Return the stretch from the line with "Women Winter Retro" through the line with "als Zeilen an." in the data below, character for character, skipping all pictures.

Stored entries
/---
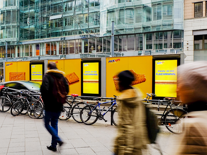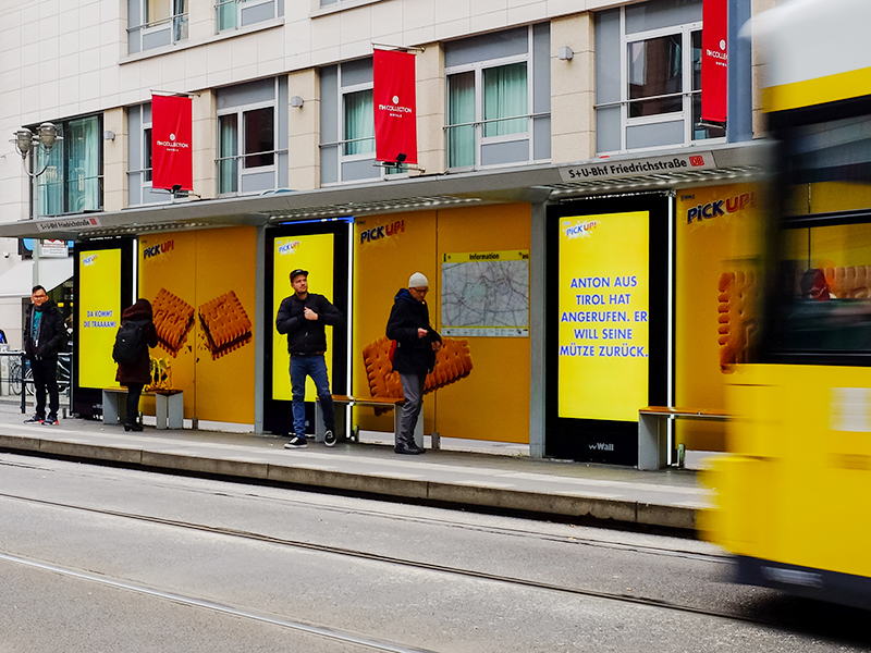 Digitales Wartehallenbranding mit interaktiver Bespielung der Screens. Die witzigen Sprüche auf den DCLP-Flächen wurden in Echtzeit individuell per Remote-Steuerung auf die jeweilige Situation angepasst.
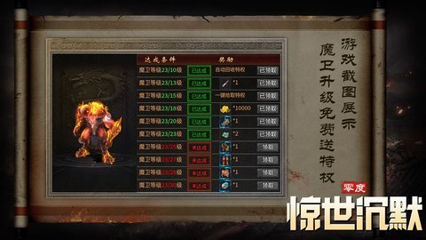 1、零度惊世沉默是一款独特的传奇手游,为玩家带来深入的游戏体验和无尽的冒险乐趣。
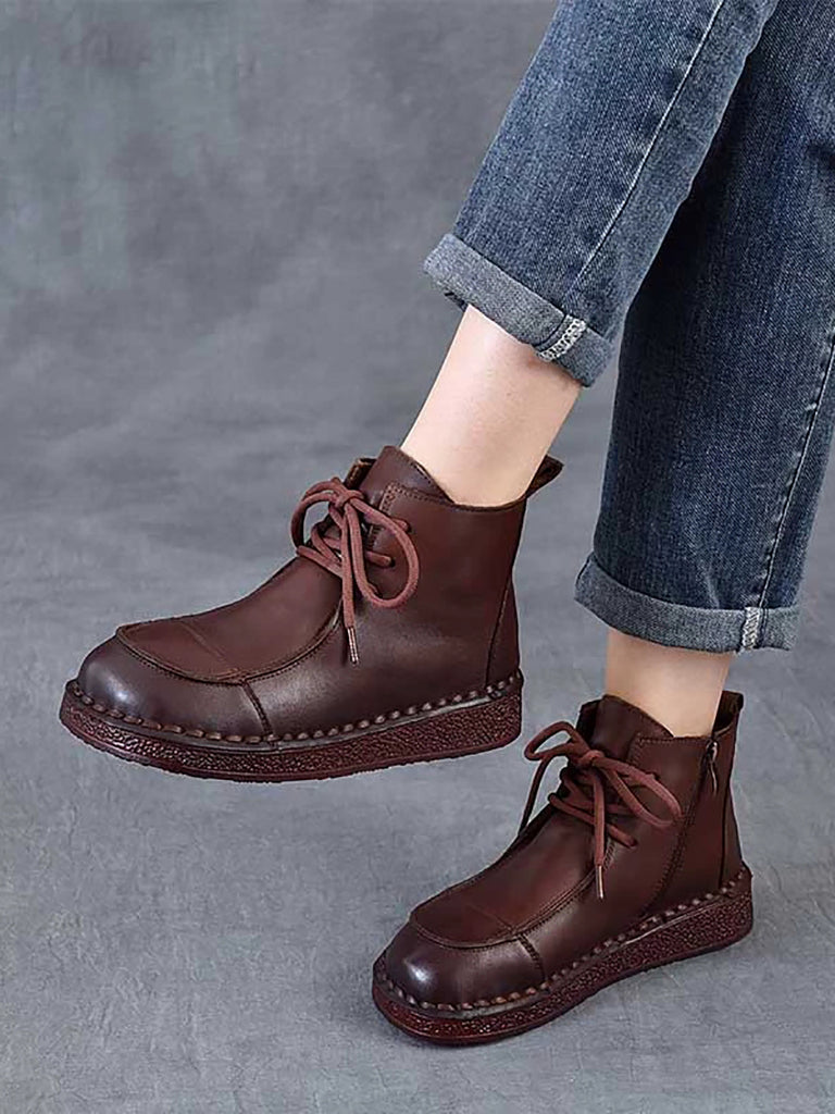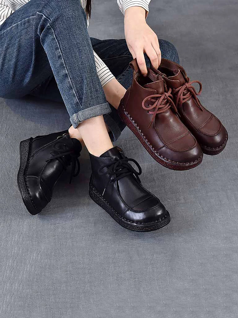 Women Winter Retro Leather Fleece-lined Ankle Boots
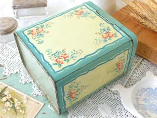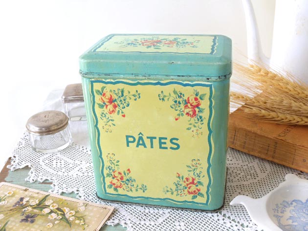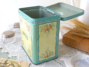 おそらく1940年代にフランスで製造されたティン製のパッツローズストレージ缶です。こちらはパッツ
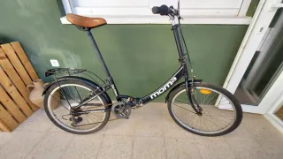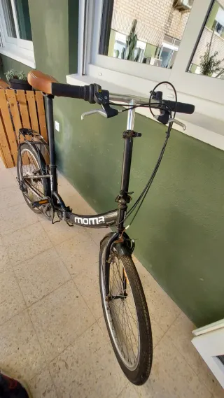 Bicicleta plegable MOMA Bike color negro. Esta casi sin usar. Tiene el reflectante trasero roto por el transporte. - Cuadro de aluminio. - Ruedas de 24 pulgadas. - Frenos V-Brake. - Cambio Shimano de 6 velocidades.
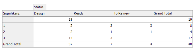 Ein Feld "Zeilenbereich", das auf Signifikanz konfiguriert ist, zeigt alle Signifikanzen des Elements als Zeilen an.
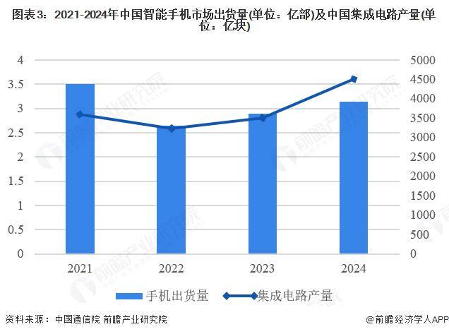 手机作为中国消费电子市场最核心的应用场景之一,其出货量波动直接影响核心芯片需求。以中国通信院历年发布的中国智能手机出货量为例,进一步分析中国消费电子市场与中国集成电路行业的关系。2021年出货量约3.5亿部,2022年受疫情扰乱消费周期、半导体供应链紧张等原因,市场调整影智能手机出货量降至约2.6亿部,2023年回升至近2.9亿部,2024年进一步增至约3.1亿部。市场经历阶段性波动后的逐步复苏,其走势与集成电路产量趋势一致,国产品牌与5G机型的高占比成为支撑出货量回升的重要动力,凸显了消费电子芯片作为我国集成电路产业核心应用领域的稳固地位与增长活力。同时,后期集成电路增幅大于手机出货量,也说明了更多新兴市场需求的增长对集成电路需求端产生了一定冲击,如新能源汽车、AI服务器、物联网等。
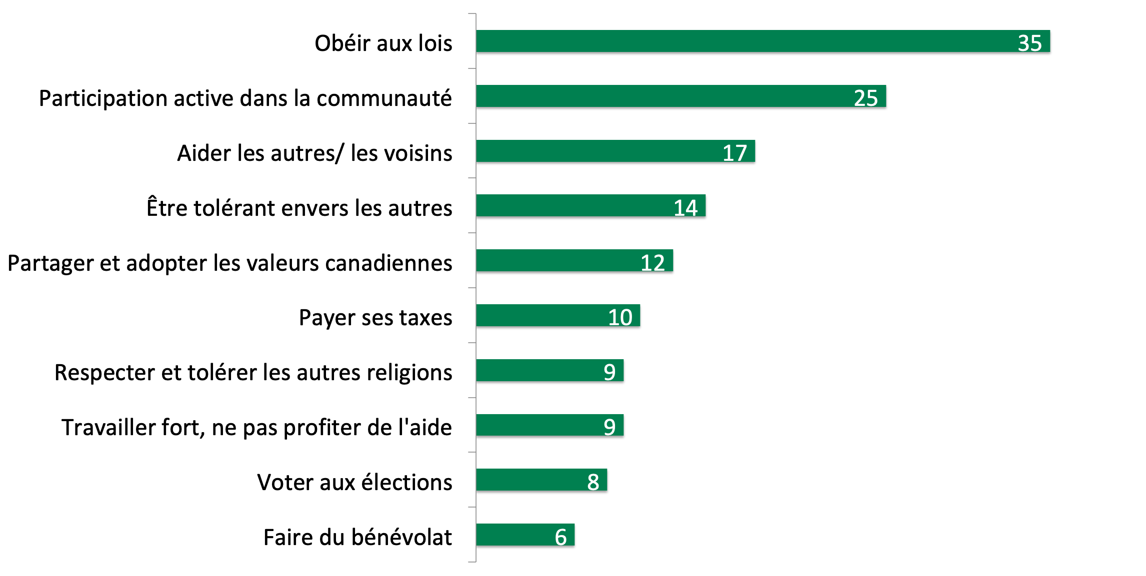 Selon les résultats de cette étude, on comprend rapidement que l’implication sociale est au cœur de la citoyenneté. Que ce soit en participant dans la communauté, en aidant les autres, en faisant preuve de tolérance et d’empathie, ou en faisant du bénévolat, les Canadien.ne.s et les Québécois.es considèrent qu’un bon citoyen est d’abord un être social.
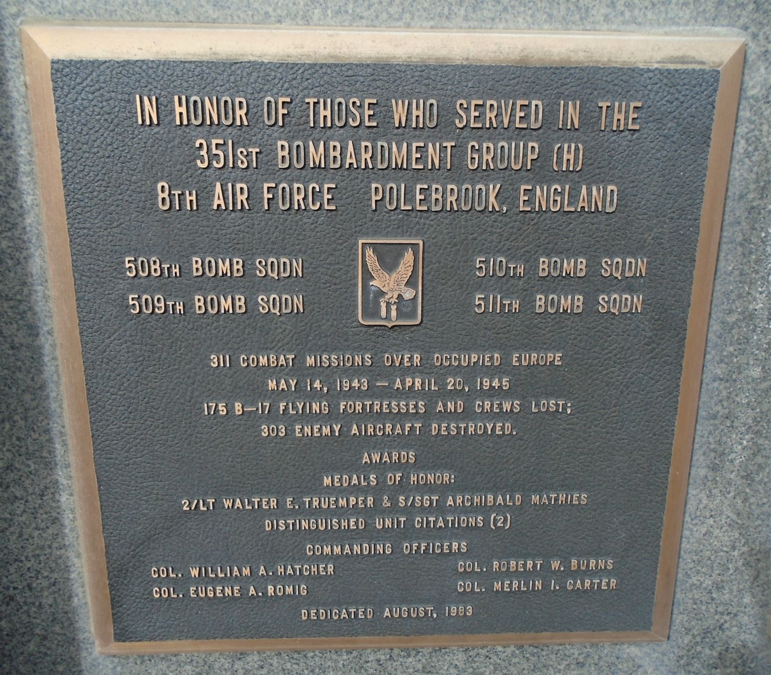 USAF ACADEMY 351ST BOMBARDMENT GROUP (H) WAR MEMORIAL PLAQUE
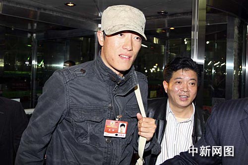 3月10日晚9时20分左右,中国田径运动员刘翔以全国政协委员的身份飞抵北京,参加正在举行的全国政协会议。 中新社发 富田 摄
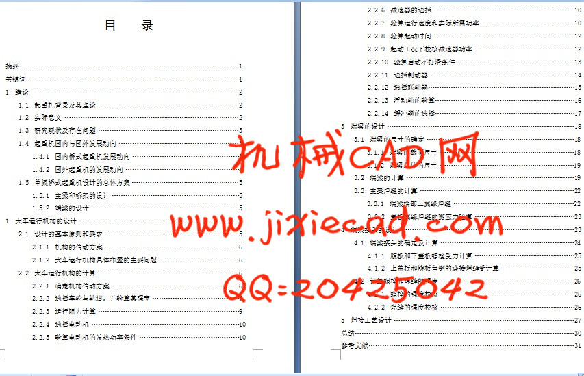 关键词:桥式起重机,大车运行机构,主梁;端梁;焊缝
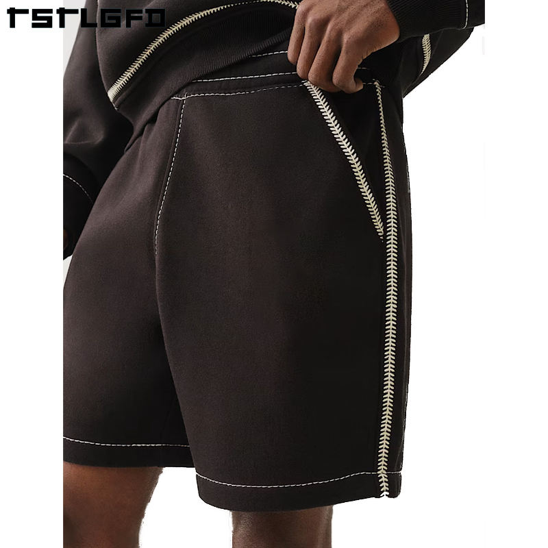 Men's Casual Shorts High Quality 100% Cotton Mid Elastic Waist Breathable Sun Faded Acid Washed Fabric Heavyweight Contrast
\---
> _Reply to the exercise_
 Women Winter Retro Leather Fleece-lined Ankle Boots
 おそらく1940年代にフランスで製造されたティン製のパッツローズストレージ缶です。こちらはパッツ
 Bicicleta plegable MOMA Bike color negro. Esta casi sin usar. Tiene el reflectante trasero roto por el transporte. - Cuadro de aluminio. - Ruedas de 24 pulgadas. - Frenos V-Brake. - Cambio Shimano de 6 velocidades.
 Ein Feld "Zeilenbereich", das auf Signifikanz konfiguriert ist, zeigt alle Signifikanzen des Elements als Zeilen an.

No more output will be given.